Elisa Cisneros, Ernesto Estefanía, Carlos Vilches

Abstract

KIR2DL5 (CD158f) is the most recently identified inhibitory member of human killer-cell Ig-like receptors (KIRs), which enable NK cells to sense self-HLA. Unlike KIR2DL1-3, recognizing HLA-C allotypes through Ig-like domains of the D1-D2 type, KIR2DL5 shares a D0-D2 configuration with KIR2DL4, and its ligands have not been identified. KIR2DL5 is encoded by two paralogous genes displaying copy number variation and allelic polymorphism-KIR2DL5A and KIR2DL5B. UP-R1 mAb, raised against the common allele KIR2DL5A*001, enables specific KIR2DL5 detection. However, not every KIR2DL5(+) individual has NK cells staining with UP-R1, discrepancy explained in part by epigenetically silent KIR2DL5B alleles with a distinctive substitution in a promoter RUNX-binding site. Furthermore, we show here that the transcribed allele KIR2DL5A*005, second most common of its locus, fails to confer NK cells UP-R1 reactivity, phenotype explained by inefficacious transport of its product to the cell surface.
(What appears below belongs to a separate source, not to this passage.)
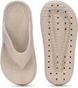 These comfortable and stylish beige flip-flops feature a thick, cushioned sole for enhanced comfort and support. The durable, lightweight material, likely EVA, makes them ideal for casual wear, beach outings, or poolside activities. Designed for easy slip-on convenience, they have a classic thong strap and a textured footbed for better grip. Their solid color and minimalist design ensure versatility, pairing well with shorts, swimwear, or loungewear. Perfect for everyday use, offering both comfort and a modern aesthetic.

Two amino acid substitutions distinguish the KIR2DL5A*005 and *001 coding regions. Western blot, flow cytometry, and confocal microscopy analyses of cells transfected with tagged constructs demonstrate that a serine substitution for glycine-174, conserved in most KIR, is mainly responsible for KIR2DL5A*005 intracellular retention, and it also affects mAb recognition. In contrast, substitution of aspartate for asparagine 152 has only a minor effect on surface expression, despite destroying an otherwise conserved N-glycosylation site. Our results help to explain the variable expression profile of KIR2DL5(+) subjects and indicate that functional polymorphisms in both its promoter and its coding regions are critical for understanding the KIR2DL5 role in immunity and its importance for human health.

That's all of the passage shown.